I just started watching your channel. Every episode has left me saying what the fuck.
I subbed.
This channel is so criminally underrated
Once I imagined something somewhat like the primorial, and now I know it exist. Also you can think of the biggest primorial as the most antiprime (or prime composed) number, I guess.
I think I have a proof for twin primes. Take P# where P is a large prime number. P# + 1 must be prime, for reasons explained in the video (around the 5:00 mark, I think.) P# - 1 must also be prime for the same reasons. (P# + 1) - (P# - 1) = 2. Twin primes are infinite.
Is it really that easy?
@@ehmaree No, someone already posted a comment about this and someone else corrected them. The proof doesn't work because there is no biggest prime number, so P doesn't exist. :)
@@AstroEli133 Yeah, I kind of realized that around yesterday. Oh well
Random ponder: is it a problem for mathematicians that, when you talk about infinite things, it's sometimes ambiguous if you mean "THE infinity" vs "something else that also has the property of being infinite"?
I think that if you can prove whether or not there is a lower bounding number for the distance between infinite amounts of prime pairs, then you can prove whether that bound is 2. If the proven bound keeps shrinking, then there really isn't any reason to believe that the ultimate bounding number isn't 2.
(.75*(x^2))+(1.5*x)+23 =
mostly Eisenstein primes or semi-primes, when x is an even number.
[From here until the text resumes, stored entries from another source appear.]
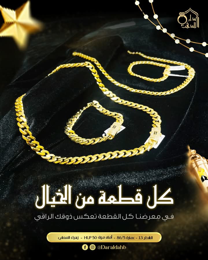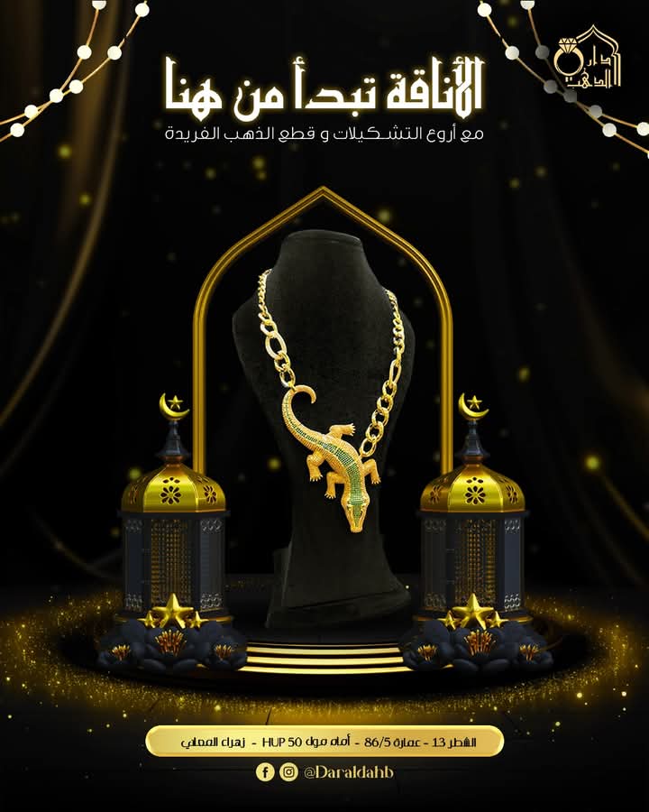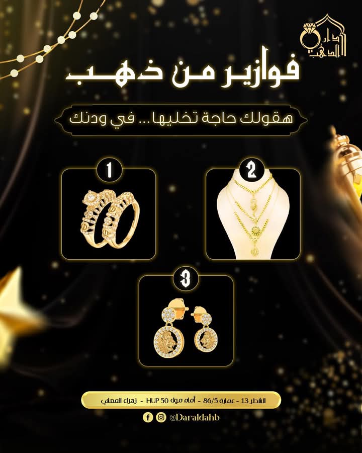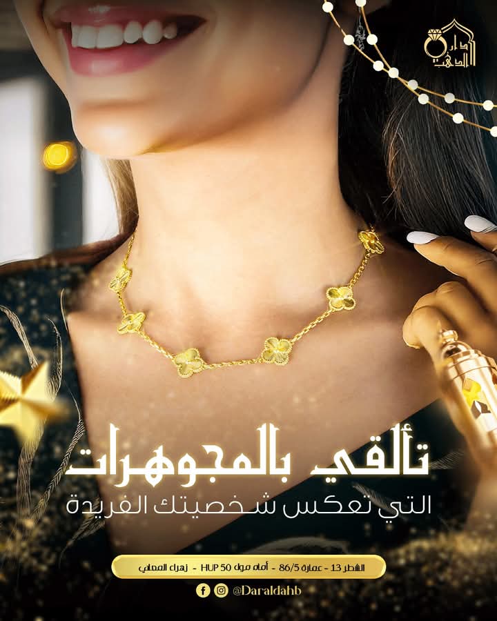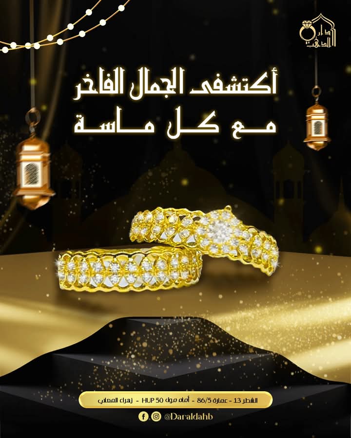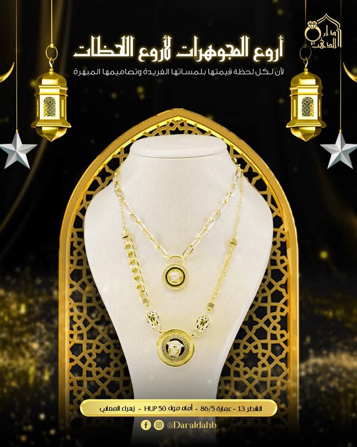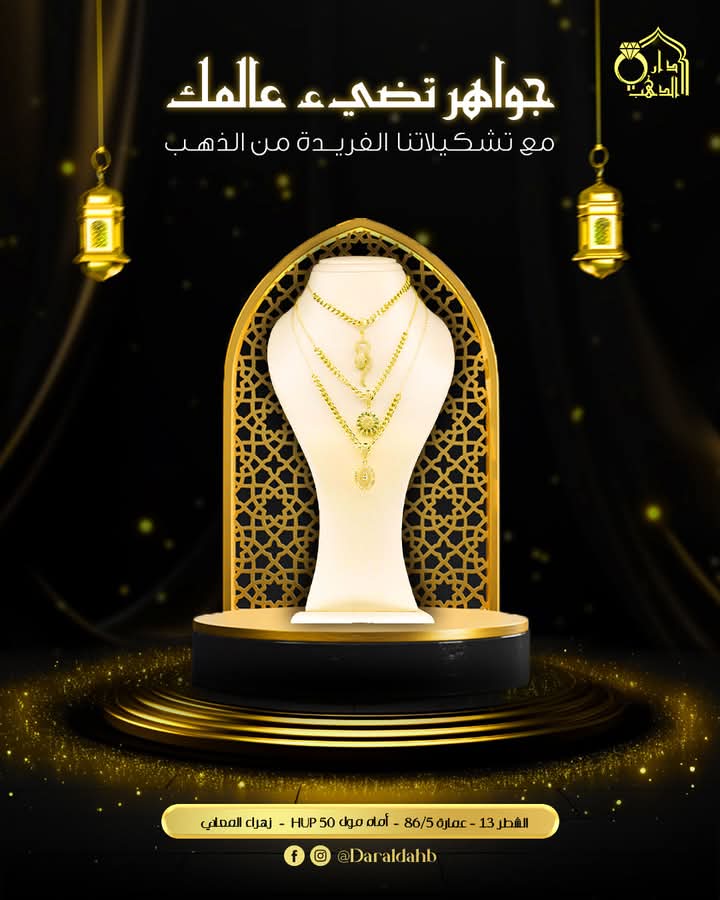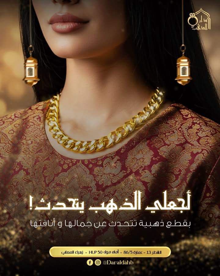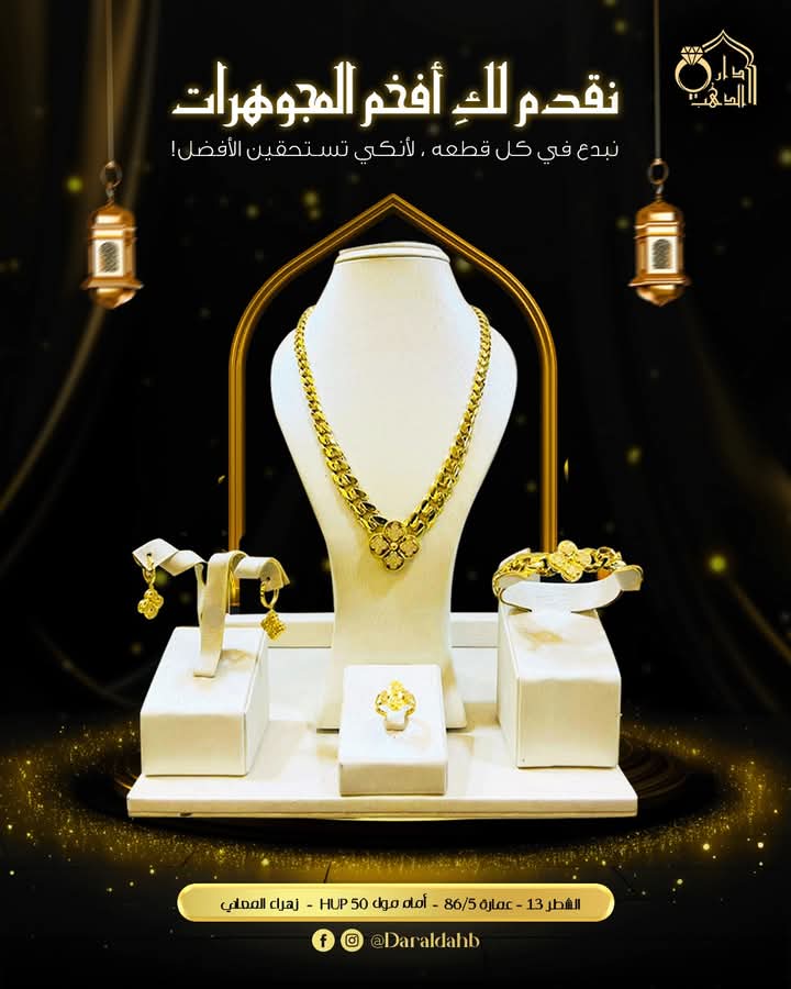 لو ناوي تشتري دهب يكمّل مناسبتك أو يكون ذكرى مميزة، يبقى مجوهرات دار الدهب من الأماكن اللي تستاهل تروح تشوفها بنفسك. شوف التشكيلة، وخد وقتك، واختار القطعة اللي تعبر عنك وتعيش معاك.
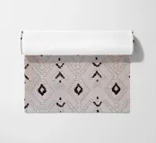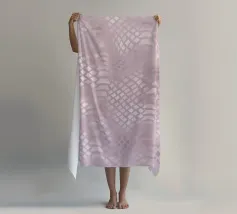 Dieser elegante, orientalische Weberei Illustration vereint moderne und vintage Elemente mit symmetrischen Rautenmuster in sanften Pastell- und Cremefarben, perfekt für einen Boho-Stil.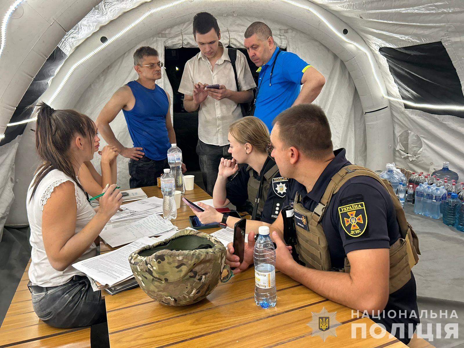 Для допомоги людям на місці ракетного удару по готелю поліція Кривого Рогу розгорнула мобільний пункт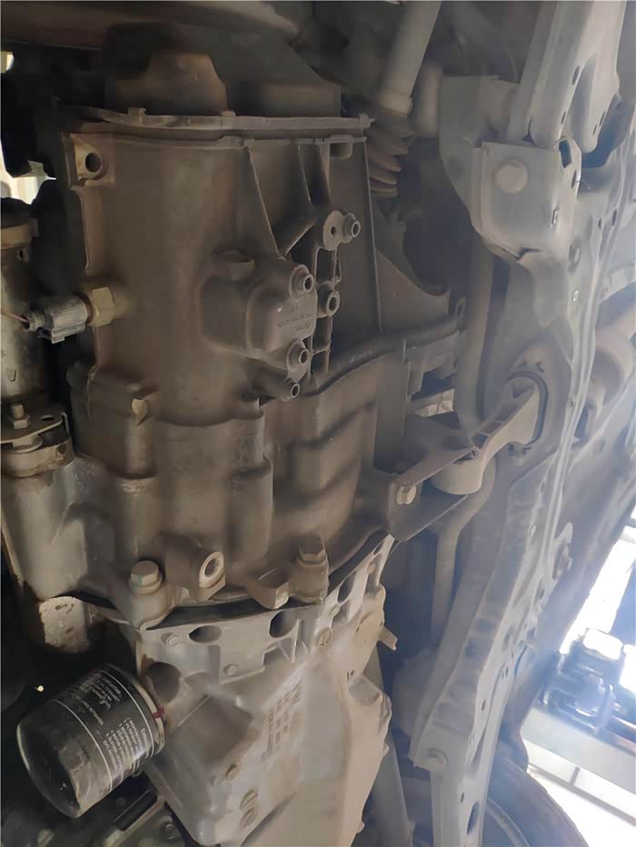 升起来看看底盘,左半部分全是油污,从新车开始就没干净过。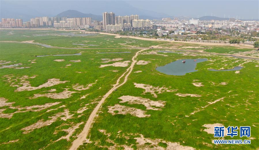 這是江西省廬山市鄱陽(yáng)湖湖區(qū)干涸的情況(10月9日攝)。新華社記者胡晨歡攝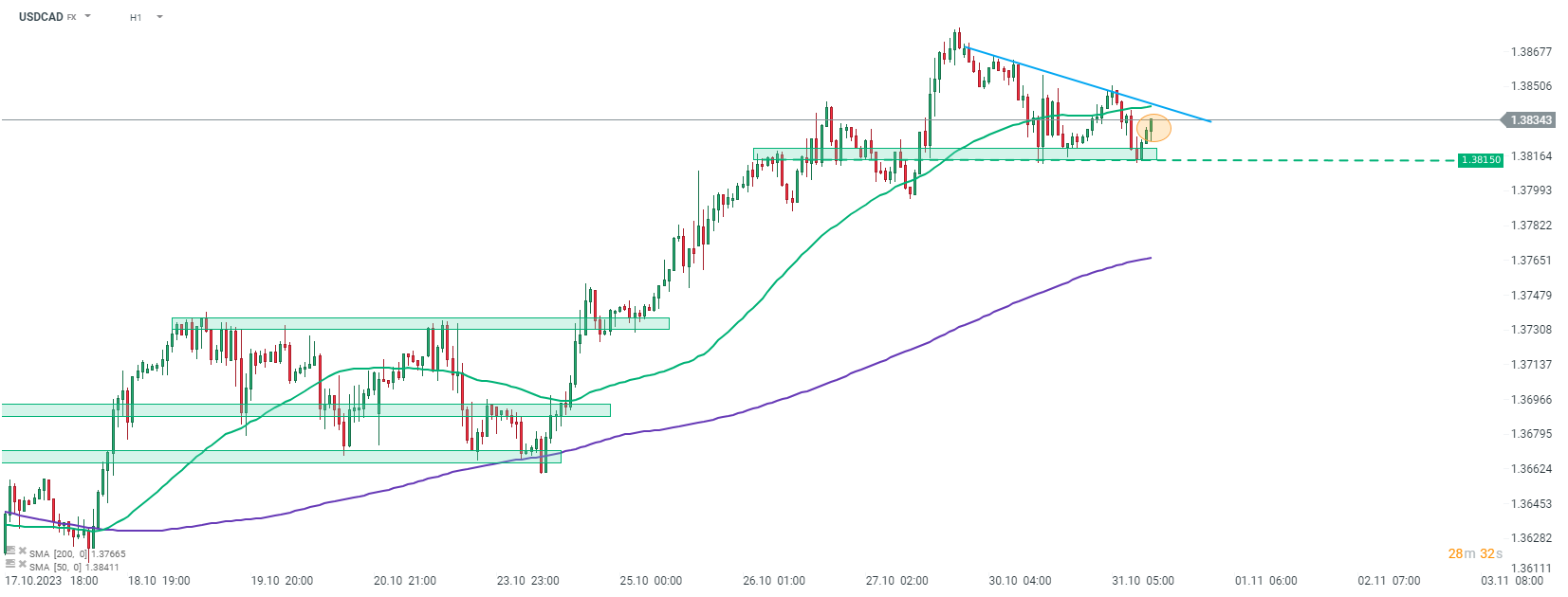 Az USDCAD a kanadai GDP közzététele után erősödött, és továbbra is a rövid távú trendvonal felé halad. Forrás: xStation5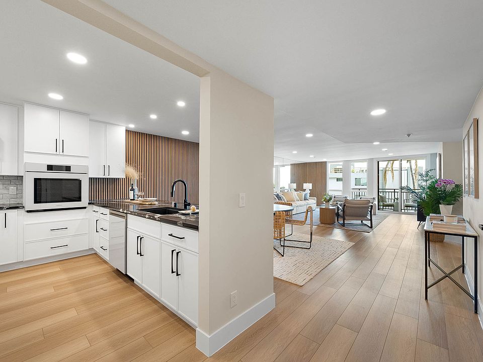 Corner unitPrivate balconiesDistinctive wood accent wallsCustom european-style cabinetryCurated finishesHigh-end fixturesModern elegance

Doesn't infinite prime proof, one at 5:00, also prove that there are infinitely many twin primes?
since P#-1 and P#+1 are both primes and one is 2 more than the other making them twin primes?
P#-1 and P#+1 are not necessarily prime - they can be composite numbers with prime factors larger than P. The proof works by assuming you have all primes and then constructing a number which is divisible by a prime you don't have.
hey I’m loving your videos so far but I really feel the need to say you look like Dream if he was in ratatouille
Can you teach me, how to determine whether the number is a prime or not by using the fastest method??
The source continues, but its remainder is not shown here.